DeepSeek claims to have accomplished this by employing a number of specialized techniques that reduced both the amount of memory needed to store and the processing time required to train its model ( also known as R1 ). According to DeepSeek, the cost reduction from these overheads led to a serious cost reduction. At the same time, R1’s base model V3 reportedly required 2.788 million hours to train ( running across numerous graphical processing units, or GPUs ), which is estimated to cost less than$ 6 million ( £4.8 million ), compared to the more than$ 100 million ( £80 million ) that OpenAI boss Sam Altman claims was needed to train GPT-4.
Despite the strike taken to Nvidia’s market value, the DeepSeek designs were trained on around 2, 000 Nvidia H800 GPUs, according to one study report released by the company. These cards were created in accordance with trade regulations in China and are a modified version of the popular H100 chip. These were good in stock before the Biden presidency tightened the restrictions more, which properly forbade Nvidia from exporting the H800s to China in October 2023. Working within these considerations, it is likely that DeepSeek has been forced to find creative ways to make the best use of the tools it has at hand.
Concerns about the impact of AI on the environment may also be addressed by lowering the mathematical costs of training and running designs. The machines are primarily kept warm by the information centers ‘ high expectations for electricity and water. While the majority of tech companies do not make their designs ‘ carbon footprints public, according to a new estimate, ChatGPT’s regular carbon dioxide emissions are the equivalent of 260 flights from London to New York. Therefore, from an economic perspective, increasing the effectiveness of AI models may be beneficial for the market.
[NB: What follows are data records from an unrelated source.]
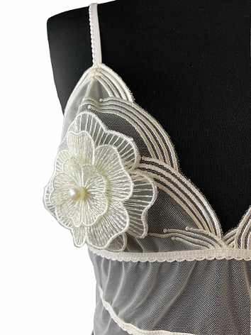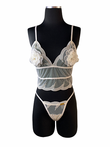 A delicate lingerie set crafted in soft ivory mesh lace and 3D flowers in the cups.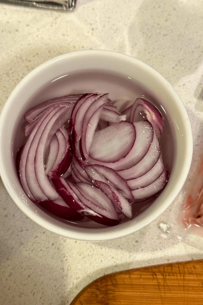 - Slice the red onion into thin slivers and soak them in water for 5 minutes to mellow their sharpness.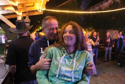 Immer und immer wieder schaffte es die Band die Stimmung auf zu heizen, es wurde getanzt und mitgesungen. Nebelschwaden und Lichteffekte motzten das Ganze noch auf und brachten das Publikum fast zum überkochen. Verena hatte wieder ihre Mega guten Burger und Würstchen im Angebot und bereitete beides mit der Hilfe von Tatjana zu, Melissa, die beste Chefoberkellnerin überhaupt, ist auf Weltreise und leider nicht dabei gewesen, so sammelte Isabel, ihre Mutter, mit meinem Hut ein, was der Abend den Gästen Wert war und da kam was zusammen! Als Tatjana merkte, dass ich es alleine nicht schaffte die Gäste mit Getränken zu versorgen, schaltete sie sich ein und ich merkte, welches von mir nicht erkannte Talent in Tatjana schlummerte. Sie war mir eine wirklich große Hilfe und niemand musste vor Durst verschmachten. Um Mitternacht hatte Timo Glaum Geburtstag und da wurde gerade rein gefeiert. Overtime gab den musikalischen Rahmen dazu und Timo ein „Bierbuffet“.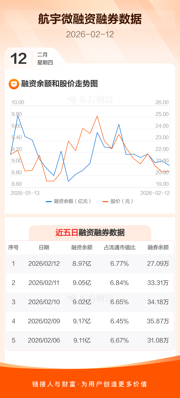 交易所最新数据显示,航宇微于2026年2月12日获融资买入5972.53万元,融资偿还6758.03万元,当日融资净偿还785.5万元。目前,该股融资余额8.97亿,占流通市值比例为6.77%。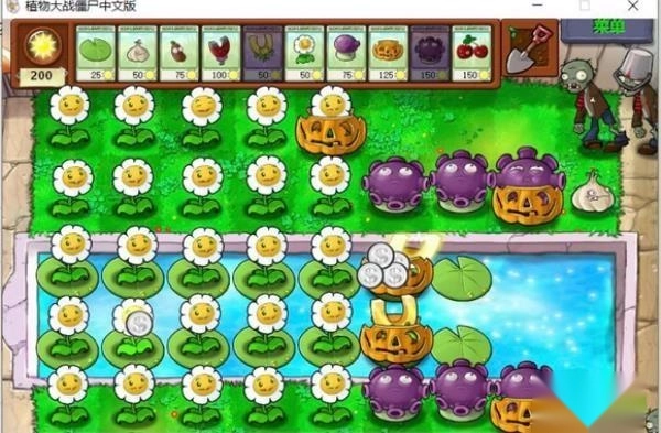 2、开局阵容,如下图。留两百个阳光,以免蒜头或者南瓜头被吃掉。

Of course, whether DeepSeek’s models do provide real-world savings in electricity remains to be seen, and it’s also unclear if cheaper, more efficient AI could lead to more people using the model, and thus an increase in overall energy intake.
If nothing else, it might help advance the issue of green AI at the approaching Paris AI Action Summit so that the AI tools we use in the upcoming are also environmentally friendly.
Some people have been left shocked by DeepSeek’s rapid adoption of a dynamic, large-language business model; Liang Wenfeng was the only person to be recognized as an” AI hero” in China at the time of his founding.
A group of significantly smaller models, each with experience in a particular field, are used to create the unit.
The most recent DeepSeek type is notable for having both a technical report describing the woman’s development process and its “weights,” which are the numeric parameters of the model obtained from the training process. This enables different organizations to use their own equipment to run the model and adapt it to a variety of things.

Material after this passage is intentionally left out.